Sandoz Group AG delivered strong Q1 2026 results, with total net sales reaching $2.76 billion, an 11% year-over-year increase. The biosimilar division generated $853 million, up 18% at constant currencies, now accounting for 31% of total revenue versus 27% in Q1 2025.
CEO Richard Saynor reaffirmed full-year 2026 guidance, emphasizing the company positioning to capture the accelerating biosimilar opportunity as biologic patent expiries approach.
North America led with net sales up 12% at constant currencies, driven by biosimilar uptake. In Europe, biosimilar net sales grew double-digit, benefiting from the Afqlir (aflibercept) launch and strong Hyrimoz (adalimumab) and Binocrit (epoetin alfa) performances.
The generics division reported a 3% decline at constant currencies. This divergence between biosimilar growth and generic pressure reflects broader industry dynamics: biosimilars offer higher margins, longer product life cycles, and less price competition versus traditional generics.
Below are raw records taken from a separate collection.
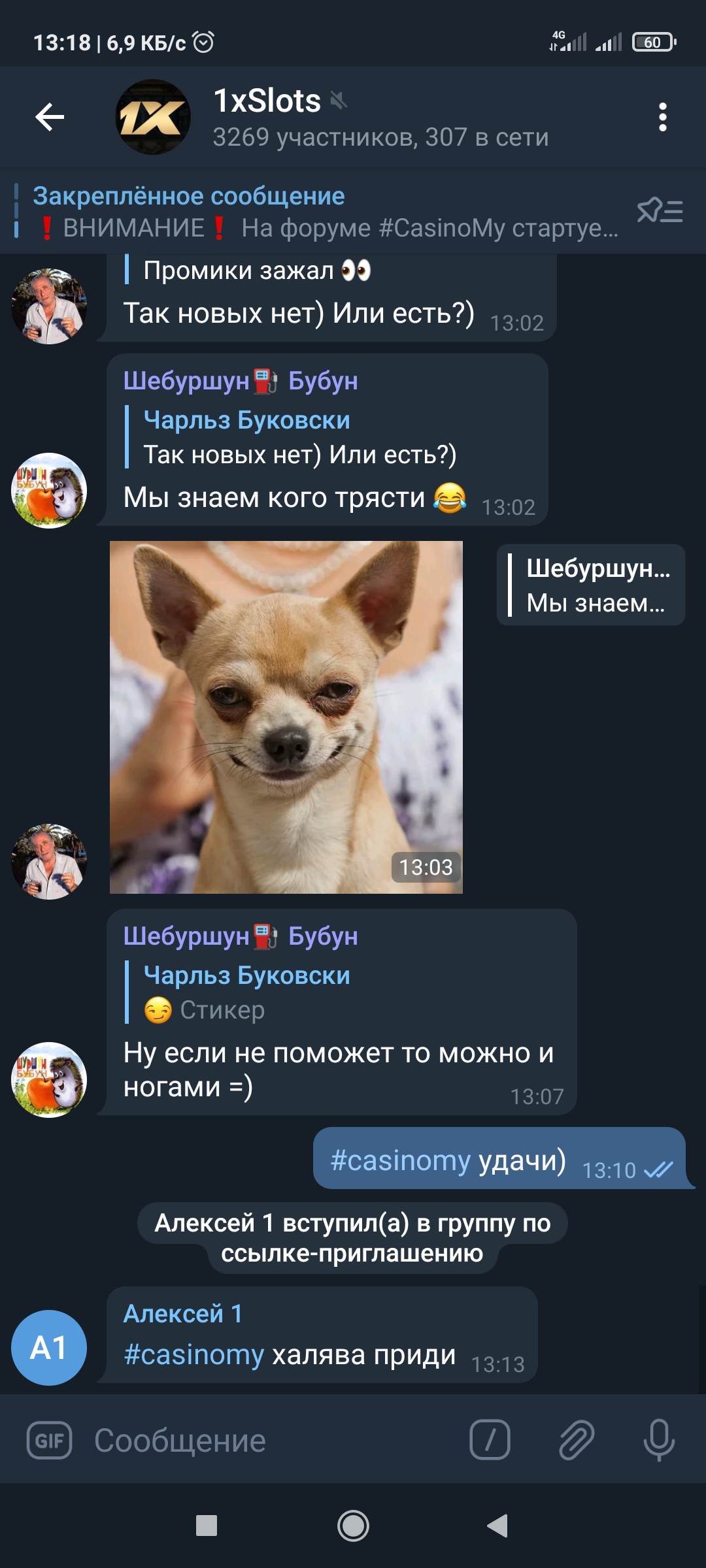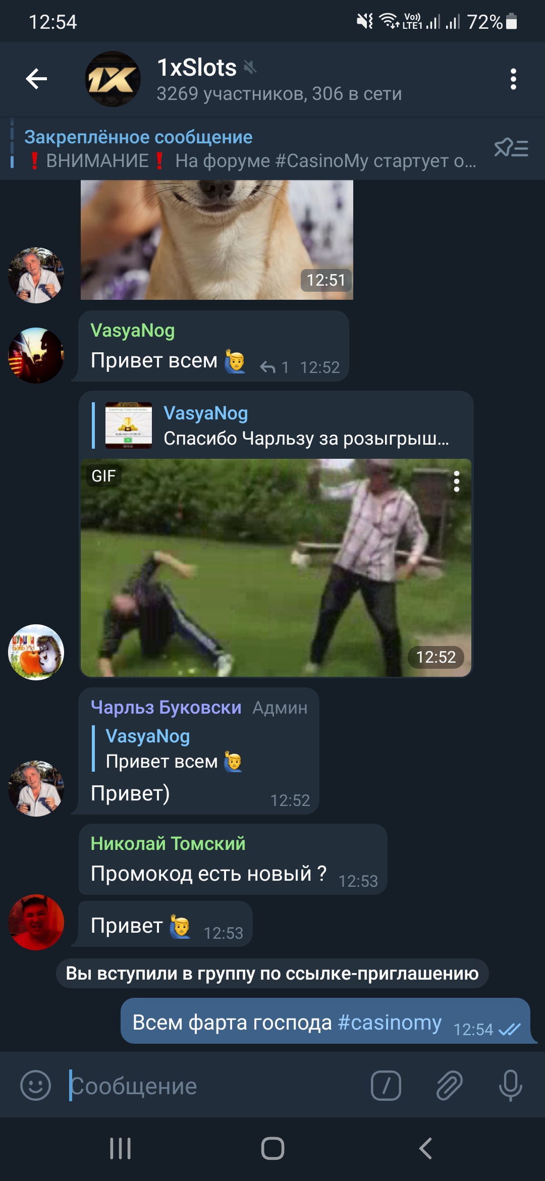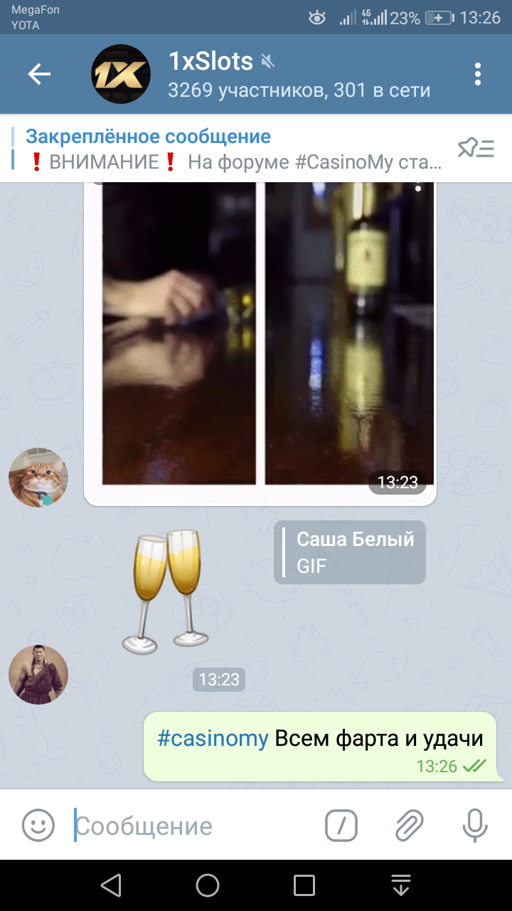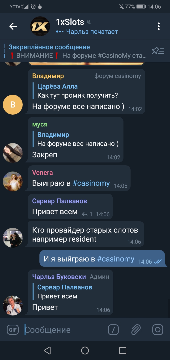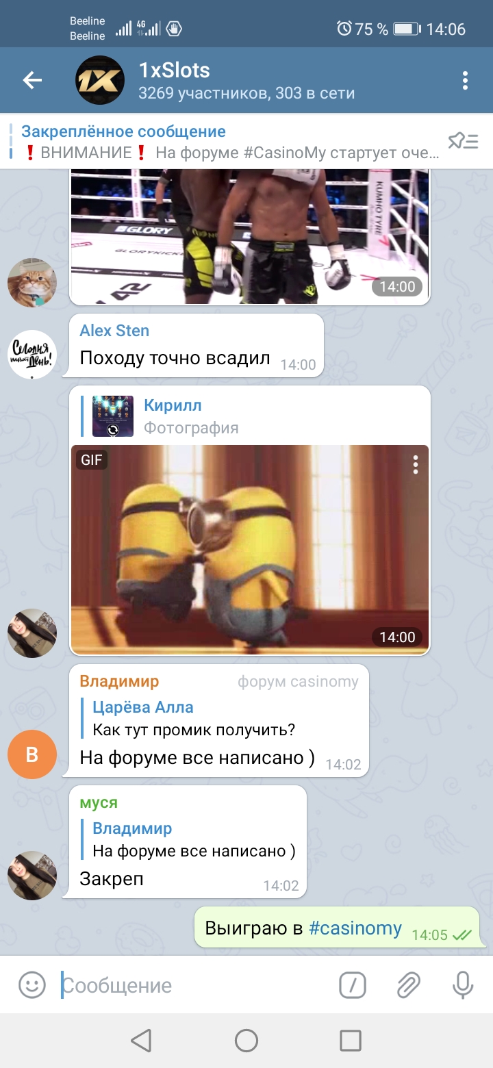2) Быть подписанным на телеграмм канал казино 1xSlots https://t.me/onexslots и чат https://t.me/joinchat/TCG5aNJ_qCpI6SdO, в телеграмм чате https://t.me/joinchat/TCG5aNJ_qCpI6SdO написать любое сообщение с тегом #casinomy и разместить текст этого сообщения в этой теме вместе со скрином депозита.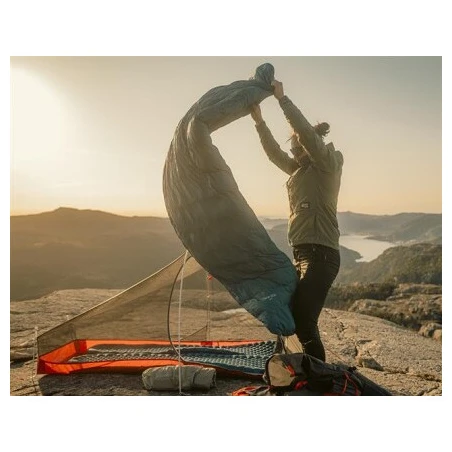 Ha un'imbottitura in piuma d'anatra da 600 cuin e un rapporto piumino/piuma di 85/15, che isola perfettamente. Ciò è favorito dal colletto termico di nuova forma, che avvolge strettamente le spalle e impedisce la dispersione del calore. Il cappuccio ha cordini su entrambi i lati e un colletto che protegge il viso. La comoda forma a mummia 3D migliora l'isolamento termico e offre comfort. L'area intorno ai piedi ha una forma particolare , simile a una pinna di squalo, che consente ai piedi di rimanere distesi nella loro posizione naturale durante la notte.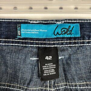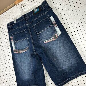 Wckd y2K Baggy Jean Shorts Size 42 Wide Leg Embroidered Blue Jorts 16" Inseam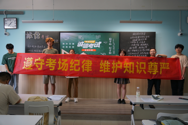 活动中,材化学院各班级共同学习了《beat365在线唯一官网学生手册》和《beat365在线唯一官网考试管理规定》等相关文件,通过解读“国考作弊入刑”、“校考作弊处分”相关条款、发出“诚信考试光荣,违纪作弊可耻”的倡议,引导同学们加强对诚信考试重要性的认识、树立诚实守信的行为习惯,鼓励同学们在各项考试中努力复习、认真备考,尽全力考出自己的真实水平。各班级以“签订一份诚信考试承诺书”、“组织一次诚信考试宣誓会”、“在诚信考试横幅签名”等形式为载体,进行广泛宣传,提高学生自觉维护考风考纪,养成遵守考试纪律的意识。
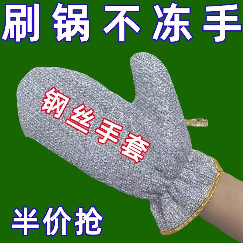 钢丝洗碗手套加长防水清洁隔热烫厨房刷碗女家用家务加厚耐用刷锅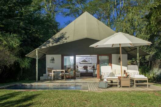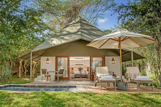 Die Unterkünfte in dem privaten Reservat lassen keine Wünsche offen und bieten Ihnen Safari-Feeling deluxe.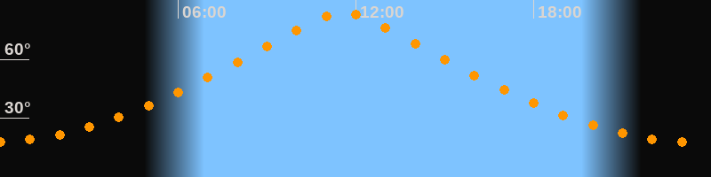 | Höchster Stand (Kulmination) | 11:34 Uhr (h = 83,6°) |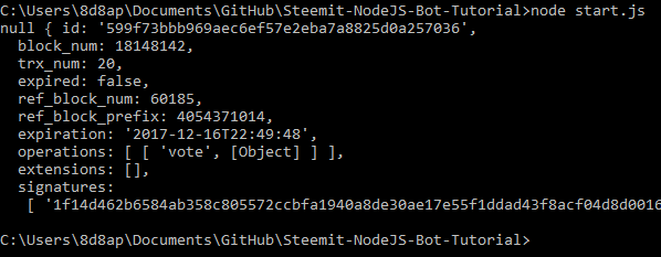 Change directory in the Command Prompt to the GitHub folder containing the Steemit-NodeJS-Bot-Tutorial repository with the cd (change directory) command: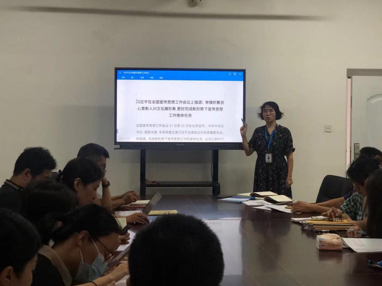 會(huì)上,黨總支副書記蘇漢美同志首先傳達(dá)了學(xué)校關(guān)于意識(shí)形態(tài)責(zé)任制相關(guān)文件精神,并與參會(huì)人員共同學(xué)習(xí)了《習(xí)近平在全國宣傳思想工作會(huì)議上強(qiáng)調(diào):舉旗幟聚民心育新人興文化展形象 更好完成新形勢下宣傳思想工作使命任務(wù)》、《關(guān)于新發(fā)展階段意識(shí)形態(tài)領(lǐng)域使命的思考》2篇文章。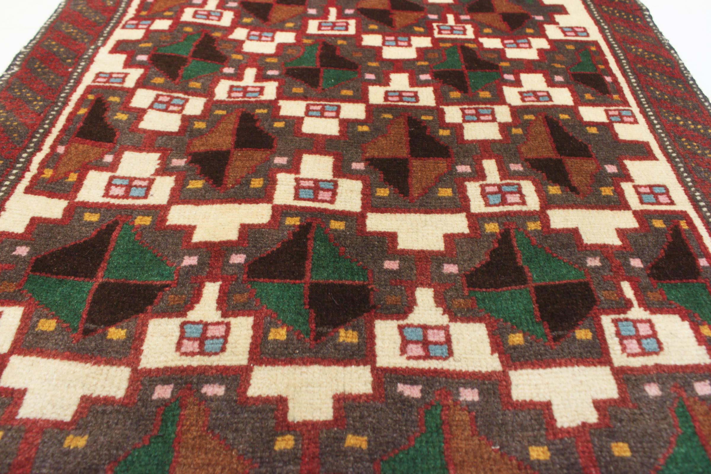 This Persian Baluch (also called Belutch) rug has been knotted by hand near the border of Afghanistan and Iran. It has been made according to traditional Persian craftsmanship with asymmetric knots. Vivid natural colors make this rug to a great highlight at home.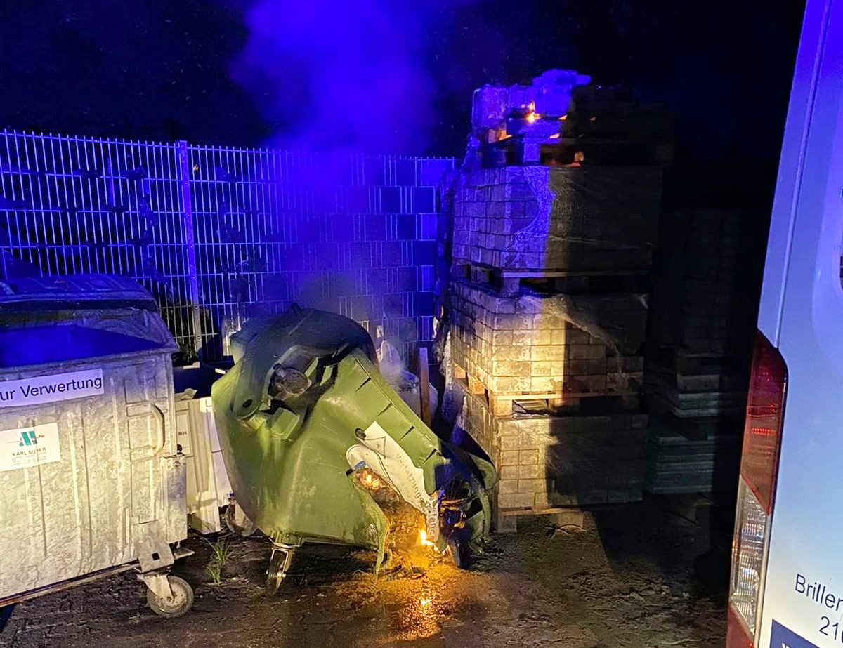Da von den beiden ersten Einsatzstellen keine weitere Gefahr ausging, konnten umgehend alle Kräfte in den Brillenburgkamp verlegt werden. Als die drei Fahrzeuge in den Brillenburgskamp einbogen, wurde schnell klar, dass es sich dort um mindestens zwei weitere Brände handeln würde. Durch eine erste schnelle Erkundung wurde folgendes festgestellt: In der Verlängerung des Brillenburgskamps brannte an einem Container ein Haufen Unrat. Das Feuer breitete sich auf den Behälter weiter aus. Ca. 100 Meter weiter brannte ein 1000 Liter Müllcontainer und ein weiteres Brandereignis konnte im Verlauf des Brillenburgkamps festgestellt werden, dort brannte ein PKW.
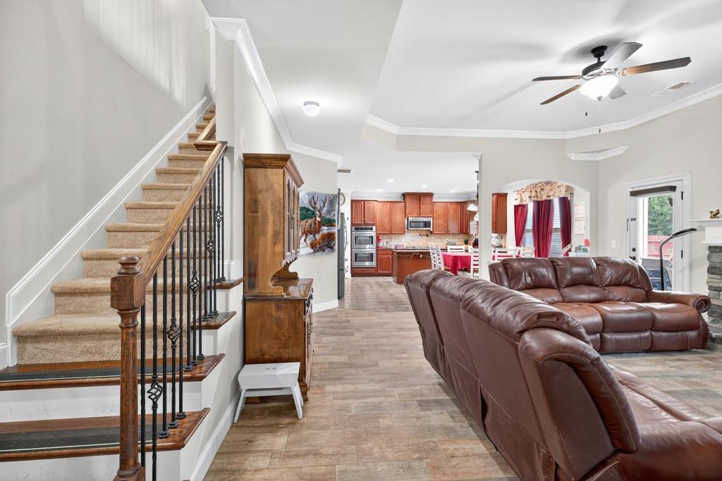 MOTIVATED SELLER! Bring Your Offer - Let's Discuss. Welcome to 521 Georgia Circle, where thoughtful design meets everyday convenience. This spacious home offers 5 bedrooms and 4 full baths, including a guest suite with walk-in shower on the main level—perfect for visitors or multi-generational living. Step inside to discover a formal dining room for gatherings, a library with Murphy bed for added versatility, and a custom walk-in pantry designed for ultimate organization. The gourmet kitchen is a chef’s dream, featuring a pot filler, double ovens, gas stove, and expansive eat-in area, all flowing seamlessly into the open-concept family room. Upstairs, you’ll find the expansive Owner's Suite plus 3 additional bedrooms and 3 full baths, including a convenient Jack-and-Jill bath. A media/flex room offers endless possibilities—game nights, home theater, or a quiet retreat. The owner’s suite is a true sanctuary, with a spacious sitting area ideal for a nursery or office, and an expansive custom closet built to impress. Step outside to a spacious, flat, fenced backyard and a screened-in porch—the perfect space for entertaining or relaxing year-round. Set in a vibrant community with swimming, pickle-ball, and more, this home is convenient to everything—shopping, dining, schools, and commuter routes. Additional upgrades include a sprinkler system and TrimLight - a permanent professionally installed, programmable, exterior lighting system. With virtually unlimited colors, you have the ability to control and customize your lighting in an easy to use app. Seller is motivated so bring all offers!

The 18% biosimilar sales growth translates into increased demand for biosimilar APIs including adalimumab, etanercept, rituximab, bevacizumab, and aflibercept intermediates. The Afqlir launch represents a new demand category for ophthalmic biosimilar APIs requiring specialized manufacturing.
Biosimilars require biologic manufacturing capabilities, complex analytical characterization, and longer development timelines, creating barriers to entry and sustaining higher margins. For API suppliers, the strategic question is whether to invest in biologics or optimize small-molecule portfolios.
As Sandoz prioritizes biosimilar growth, API sourcing strategy favors suppliers with proven biologics capabilities, strong regulatory records, and reliable supply infrastructure. The $300 billion-plus biologics patent cliff ensures sustained demand for qualified biosimilar API partners.